Semantic image segmentation is the task of assigning semantic labels to the pixels of a natural image. It is an important step towards general scene understanding and has lately received much attention in the computer vision community. It was found that detailed annotation of images are helpful for solving this task, but obtaining accurate and consistent annotations still proves to be difficult on a large scale. One possible way forward is to work with partial supervision and latent variable models to infer semantic annotations from the data during training.

The talk will present two approaches working with partial supervision for image segmentation. The first uses an efficient multi-instance formulation to obtain object class segmentations when trained on class labels alone. The second uses a latent CRF formulation to extract object parts based on object class segmentation.


From Particle Stereo to Scene Stereo

Talk
  • 25 February 2013
  • Carsten Rother

In this talk I will present two lines of research which are both applied to the problem of stereo matching. The first line of research tries to make progress on the very traditional problem of stereo matching.
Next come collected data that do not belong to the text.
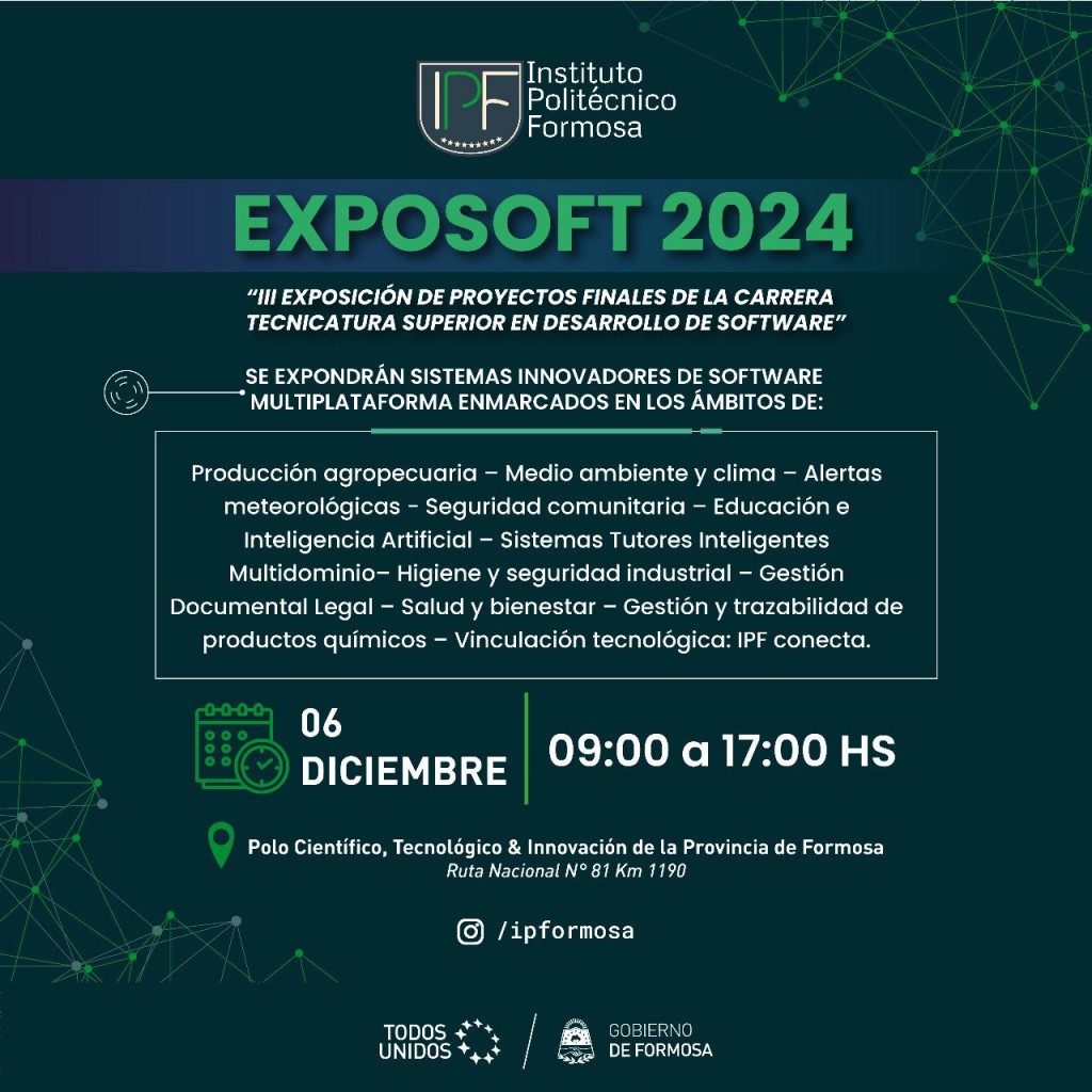 La denominada Exposoft 2024 tendrá lugar el viernes 6 de diciembre en el Polo Científico, Tecnológico y de Innovación (PCyI), que se encuentra en Ruta Nacional N° 81 Kilómetro 1190. En dicho evento se expondrán aquellos proyectos finales integradores de la carrera de la Tecnicatura Superior en Desarrollo de Software Multiplataforma del Instituto Politécnico Formosa (IPF).
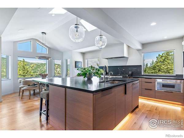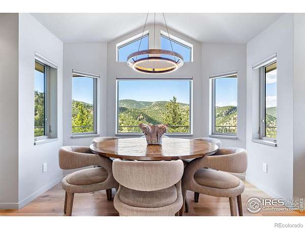 Perched majestically on a mountainside in the serene Pine Brook Hills neighborhood, this mountain luxury retreat at 50 Wildwood Lane is a private sanctuary, meticulously rebuilt and completed in 2023. Offering a seamless blend of natural beauty and modern design, this home features 4 spacious bedrooms, 2 versatile offices or dens, and a home theater room, ensuring ample space for work and play. This residence is designed for those who cherish the best of Boulder's indoor-outdoor living. All main floor living spaces open fully with accordion doors to a sprawling deck, offering massive views and creating an ideal setting for entertaining. The deck is equipped with heaters, fans, a gas grill, firepit, and retractable awning for year-round enjoyment. Inside, the eat-in kitchen shines with vaulted ceilings and skylights, fitted with premium appliances and a cozy breakfast nook. A two-sided fireplace elegantly separates the dining area from the great room, which features a wet bar and expansive windows and doors framing the breathtaking vistas. The main floor primary suite is a secluded haven, complete with a fireplace, his and her walk-in closets, a private patio, and a spa-like oasis of a bathroom. An adjacent den enhances the private quarters, offering additional flexibility. Upstairs, a home office, three secondary bedrooms all with ensuite baths, and a theater room cater to every need. Where refined design meets intelligent living, this home is fully Control4 automated. Don't miss the home gym in the detached garage area or flat grassy yard adjacent to the driveway. Conveniently located just 5 minutes from Broadway, yet a world apart, this home offers the pinnacle of mountain living with the utmost privacy on over 3 acres. Welcome to your mountain paradise!
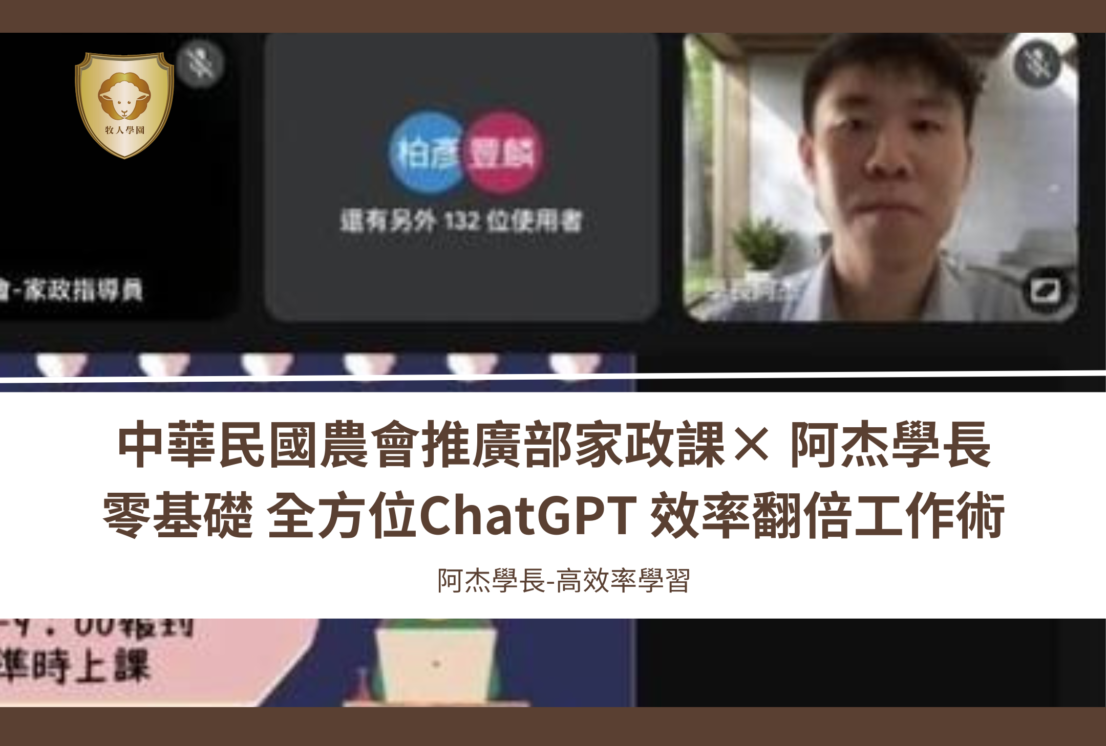本次於 中華民國農會推廣部 辦理的《零基礎 AI 效率翻倍工作術》,由具備企業與公部門內訓經驗的 阿杰學長 親自授課,協助同仁以實務導向方式,將 AI 工具實際導入日常工作流程。

In BMVC 11 we presented the PatchmatchStereo work which achieves surprisingly good results with a simple energy function consisting of unary terms only. As optimization engine we used the PatchMatch method, which was designed for image editing purposes. In BMVC 12 we extended this work by adding to the energy function the standard pairwise smoothness terms. The main contribution of this work is the optimization technique, which we call PatchMatch-BeliefPropagation (PMBP). It is a special case of max-product Particle Belief Propagation, with a new sampling schema motivated by Patchmatch.

The method may be suitable for many energy minimization problems in computer vision, which have a non-convex, continuous and potentially high-dimensional label space. The second line of research combines the problem of stereo matching with the problem of object extracting in the scene. We show that both tasks can be solved jointly and boost the performance of each individual task. In particular, stereo matching improves since objects have to obey physical properties, e.g. they are not allowed to fly in the air. Object extracting improves, as expected, since we have additional information about depth in the scene.